How Action Chunking Works

Instead of predicting a single action a_t, an action-chunking policy predicts a sequence:

π(o_t) → [a_t, a_t+1, a_t+2, ..., a_t+H-1]

where H is the chunk size (typically 10–100 steps at 10–50 Hz control frequency). The robot executes the first few actions from the chunk, then re-predicts a new chunk from the updated observation. This overlapping execution creates smooth, robust behavior.

Temporal Ensembling

When chunks overlap, multiple predictions exist for the same future timestep. Temporal ensembling combines these predictions using exponentially weighted averaging:

# temporal_ensemble.py — Temporal ensembling for overlapping action chunks
"""Implement temporal ensembling to combine overlapping action chunk predictions."""
import math


def exponential_weights(num_predictions: int, decay: float = 0.01) -> list[float]:
    """Generate exponentially decaying weights for temporal ensembling.

    More recent predictions get higher weight.

    Args:
        num_predictions: Number of overlapping predictions for a timestep
        decay: Exponential decay rate (smaller = more uniform weighting)

    Returns:
        Normalized weight list (most recent prediction last, highest weight)
    """
    raw_weights = [math.exp(-decay * (num_predictions - 1 - i))
                   for i in range(num_predictions)]
    total = sum(raw_weights)
    return [w / total for w in raw_weights]


def temporal_ensemble(
    action_chunks: list[list[list[float]]],
    chunk_starts: list[int],
    target_timestep: int,
    decay: float = 0.01,
) -> list[float]:
    """
    Combine overlapping action chunk predictions for a single timestep.

    Args:
        action_chunks: List of chunks, each is a list of action vectors
        chunk_starts: Starting timestep for each chunk
        target_timestep: The timestep to compute the ensembled action for
        decay: Exponential decay rate for weighting

    Returns:
        Ensembled action vector for the target timestep
    """
    # Collect all predictions that cover the target timestep
    predictions: list[list[float]] = []
    for chunk, start in zip(action_chunks, chunk_starts):
        offset = target_timestep - start
        if 0 <= offset < len(chunk):
            predictions.append(chunk[offset])

    if not predictions:
        raise ValueError(f"No predictions cover timestep {target_timestep}")
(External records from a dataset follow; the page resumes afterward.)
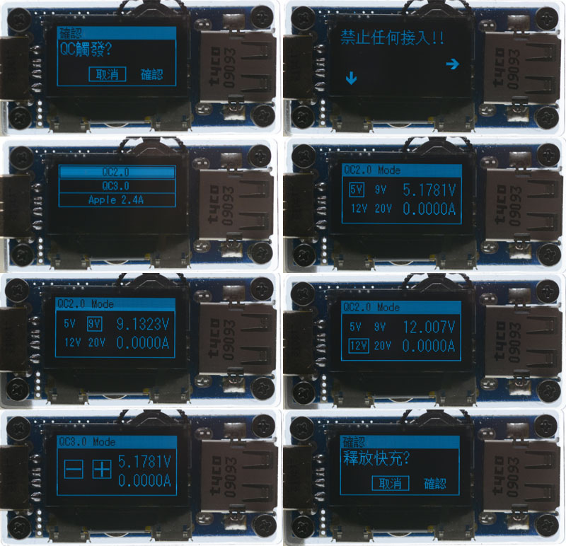 QC2.0模式中可用滾輪左右鍵選擇5V/9V/12V/20V,短按滾輪中鍵便啟動該組觸發,QC3.0模式中直接用滾輪左右鍵來升降電壓,右邊會顯示目前電壓及電流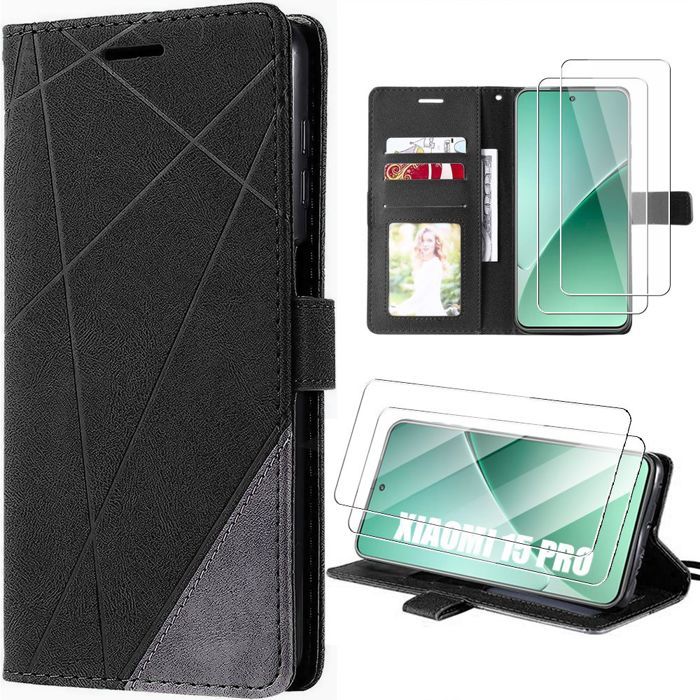 Coque + 2 Verres Trempés pour Xiaomi 15 Pro, Protection Antichoc Anti-Rayures Effet Cuir Élégant Noir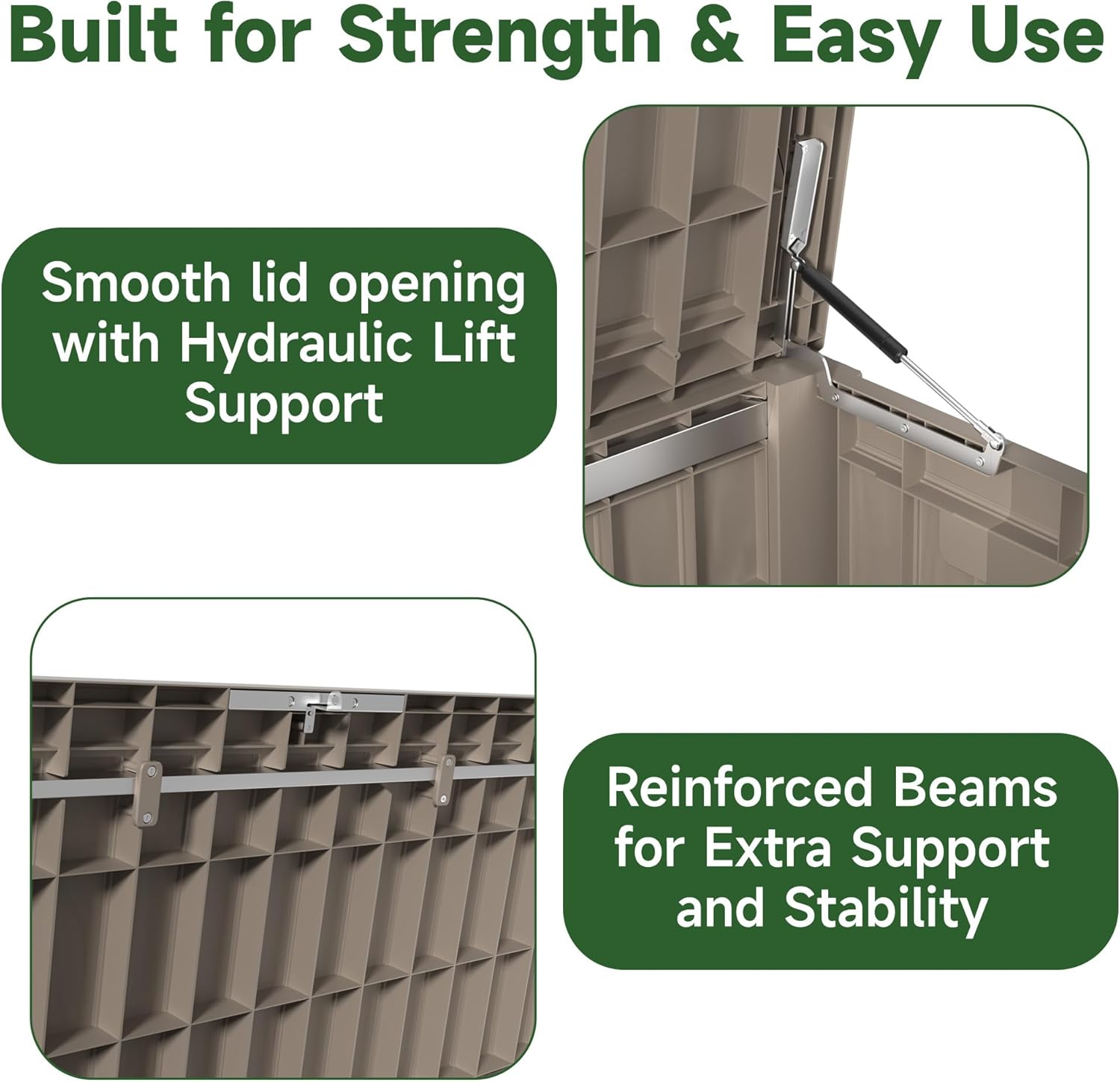 - STURDY AND RELIABLE BUILD:Designed with internal reinforcement, this deck box offers superior strength and stability compared to similar products. The robust panel construction and precise assembly help maintain its shape over time.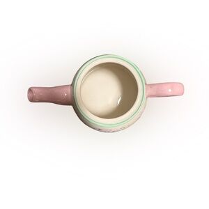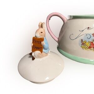 Adorable vintage ceramic teapot featuring Peter Rabbit from Beatrix Potter, holding a “Peter Rabbit” book on the lid. Beautiful pastel pink handle and spout with a charming floral garden illustration on the side. Measures approximately 9.5” from handle to spout, 6.5” tall to the top of Peter’s ears, and about 4.75” wide at the base.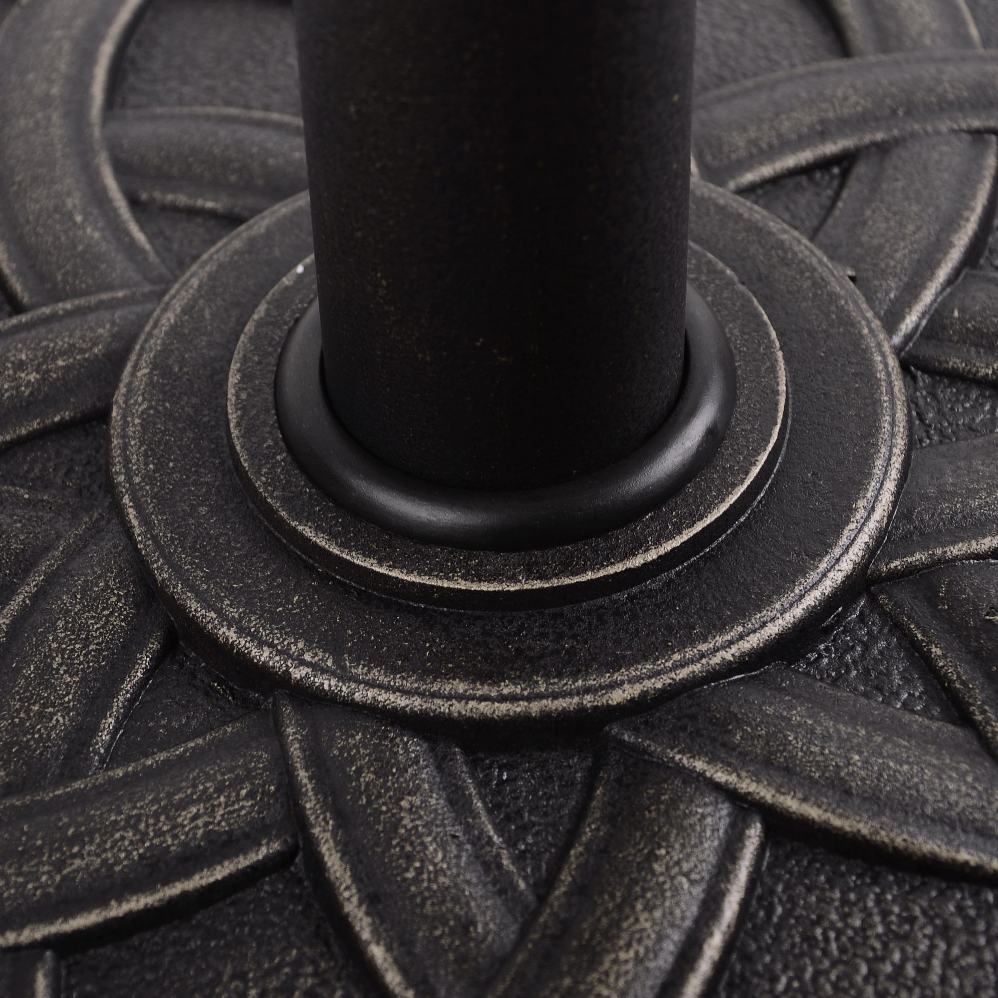 This brand circular umbrella base stand, offers a decorative, high-end touch to your outdoor living area while holding your umbrella in place. With a suttle finish, the base is designed to add charm and elegance to most backyard patio space. Made from resin, steel and plastic, this base is rust-resistant and made to last for years.
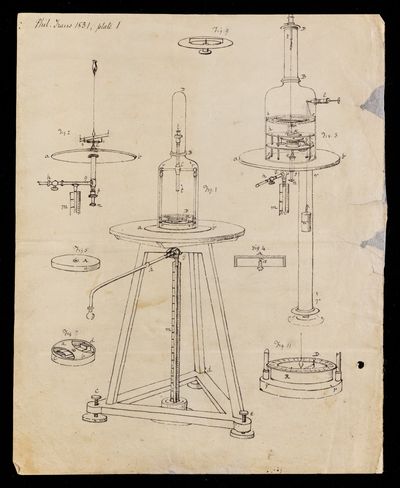 George Rennie, Diagram, 'Elevation of the apparatus for trying the friction of water' by unknown artist, 1831, PT/73/14/4, The Royal Society Archives, London, https://makingscience.royalsociety.org/items/pt_73_14_4/diagram-elevation-of-the-apparatus-for-trying-the-friction-of-water-by-unknown-artist, accessed on 12 December 2025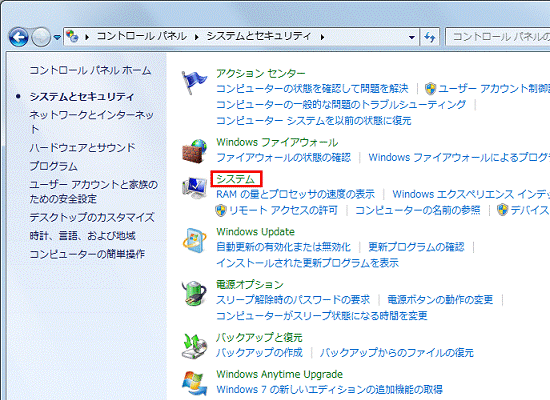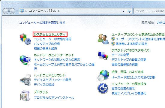 「システムとセキュリティ」が表示されていない場合は、次の手順へ進みます。 - 「システム」をクリックします。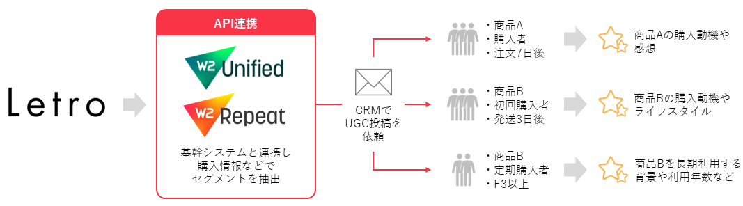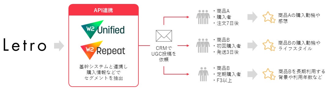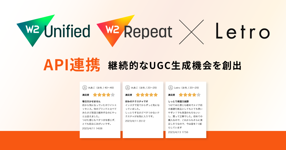 Letro、OMO/オムニチャネル対応ECプラットフォーム「W2 Unified」と D2Cリピート通販向けECプラットフォーム「W2 Repeat」とのAPI連携によりUGC生成を自動化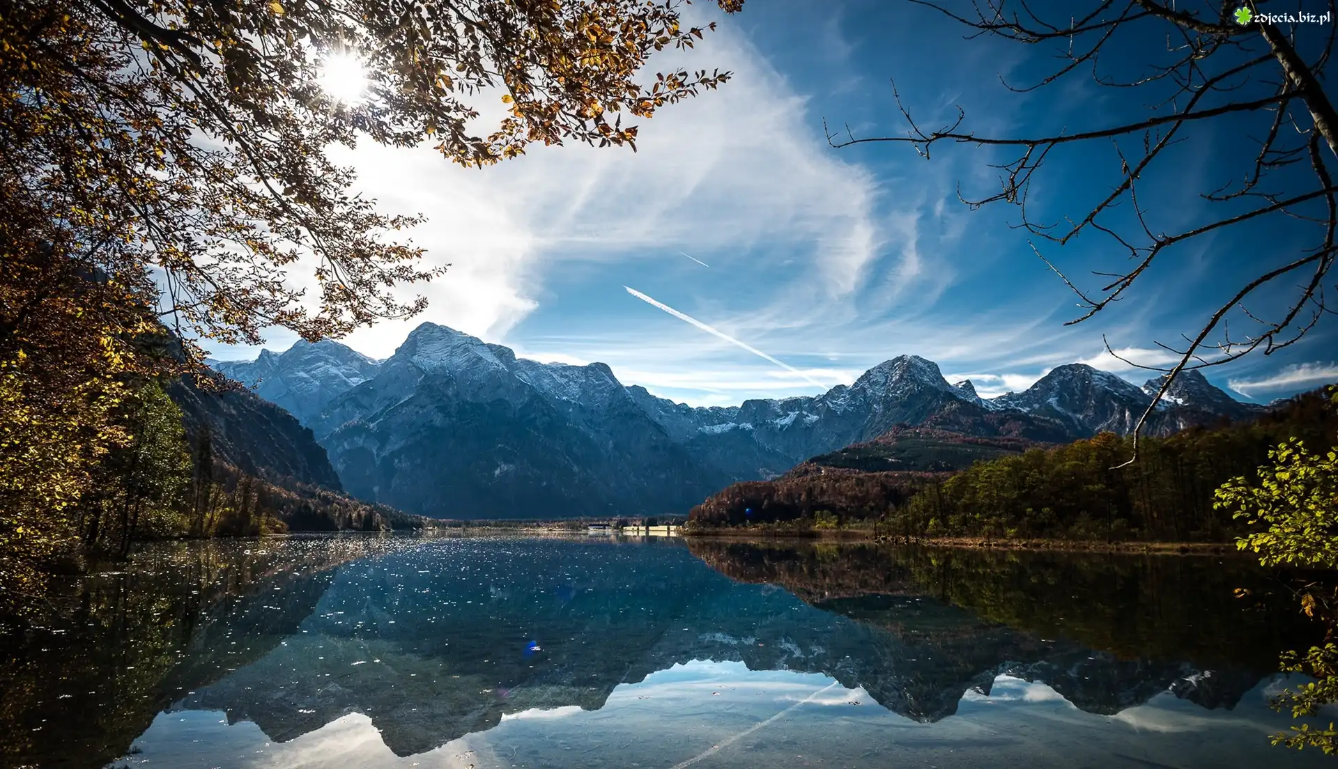 Zdjęcie Austria, Góry, Alpy, Dolina Almtal, Jezioro Almsee, Drzewa, Promienie słońca, Chmury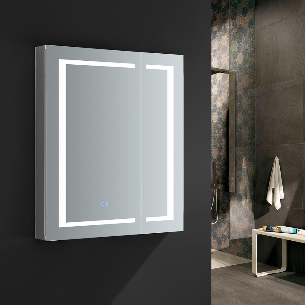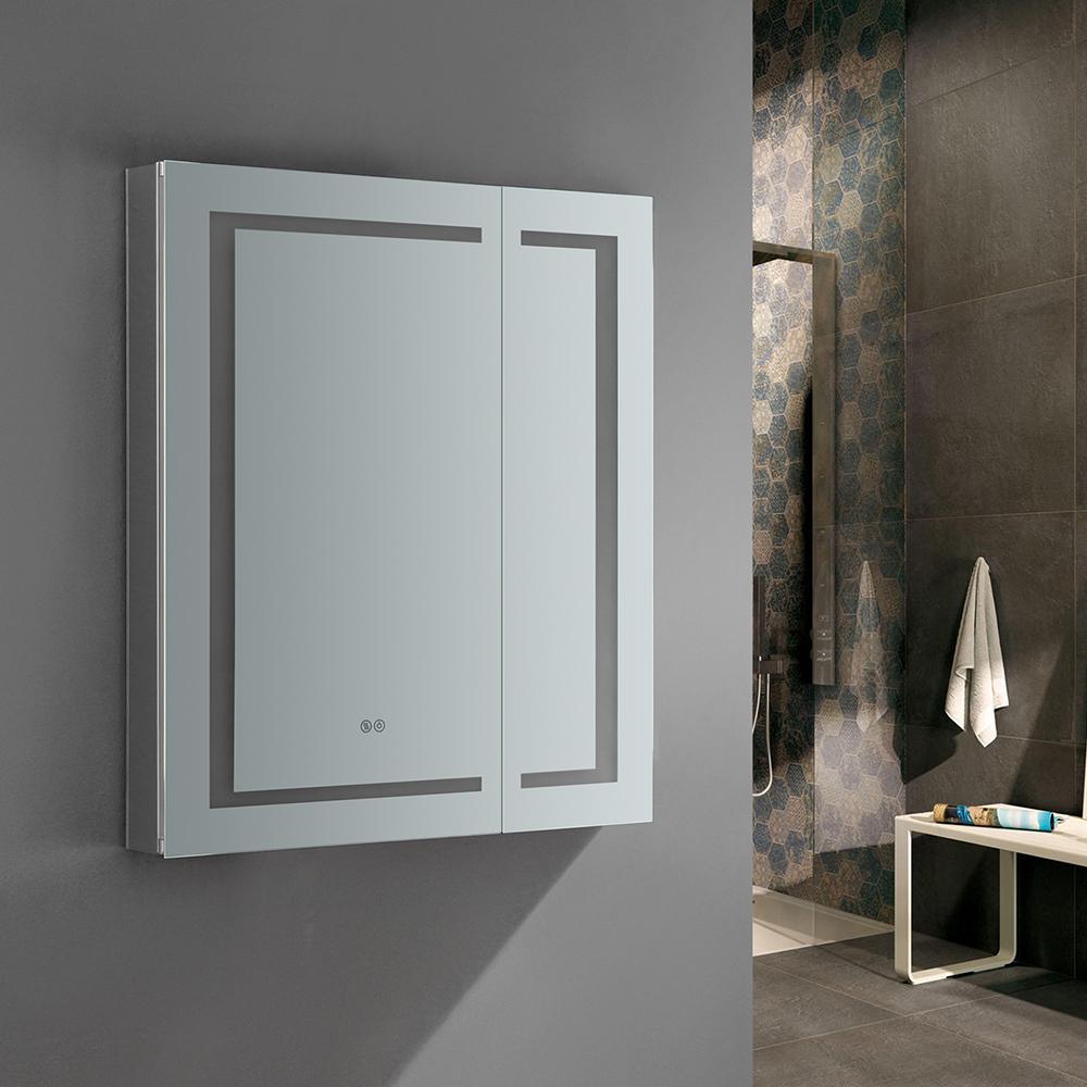Spazio 30 in. W x 36 in. H Recessed or Surface Mount Medicine Cabinet with LED Lighting and Mirror Defogger

    # Weight more recent predictions higher
    weights = exponential_weights(len(predictions), decay)

    # Weighted average across action dimensions
    action_dim = len(predictions[0])
    ensembled = [0.0] * action_dim
    for pred, weight in zip(predictions, weights):
        for d in range(action_dim):
            ensembled[d] += pred[d] * weight

    return ensembled


if __name__ == "__main__":
    # Simulate 3 overlapping chunks (chunk size=4, action dim=2)
    chunks = [
        [[1.0, 0.0], [1.1, 0.1], [1.2, 0.2], [1.3, 0.3]],  # chunk 0 (t=0..3)
        [[1.05, 0.08], [1.15, 0.18], [1.25, 0.28], [1.35, 0.38]],  # chunk 1 (t=1..4)
        [[1.12, 0.16], [1.22, 0.26], [1.32, 0.36], [1.42, 0.46]],  # chunk 2 (t=2..5)
    ]
    starts = [0, 1, 2]

    print("Temporal Ensembling Results:")
    for t in range(6):
        try:
            action = temporal_ensemble(chunks, starts, t)
            coverage = sum(1 for c, s in zip(chunks, starts) if 0 <= t - s < len(c))
            print(f"  t={t}: action={[round(a, 3) for a in action]} "
                  f"(from {coverage} overlapping chunks)")
        except ValueError:
            print(f"  t={t}: no coverage")
    # Expected output:
    #   t=0: action=[1.0, 0.0] (from 1 overlapping chunks)
    #   t=1: action=[~1.07, ~0.09] (from 2 overlapping chunks)
    #   t=2: action=[~1.15, ~0.18] (from 3 overlapping chunks)
    #   t=3: action=[~1.28, ~0.28] (from 3 overlapping chunks)
    #   t=4: action=[~1.32, ~0.35] (from 2 overlapping chunks)
    #   t=5: action=[1.42, 0.46] (from 1 overlapping chunks)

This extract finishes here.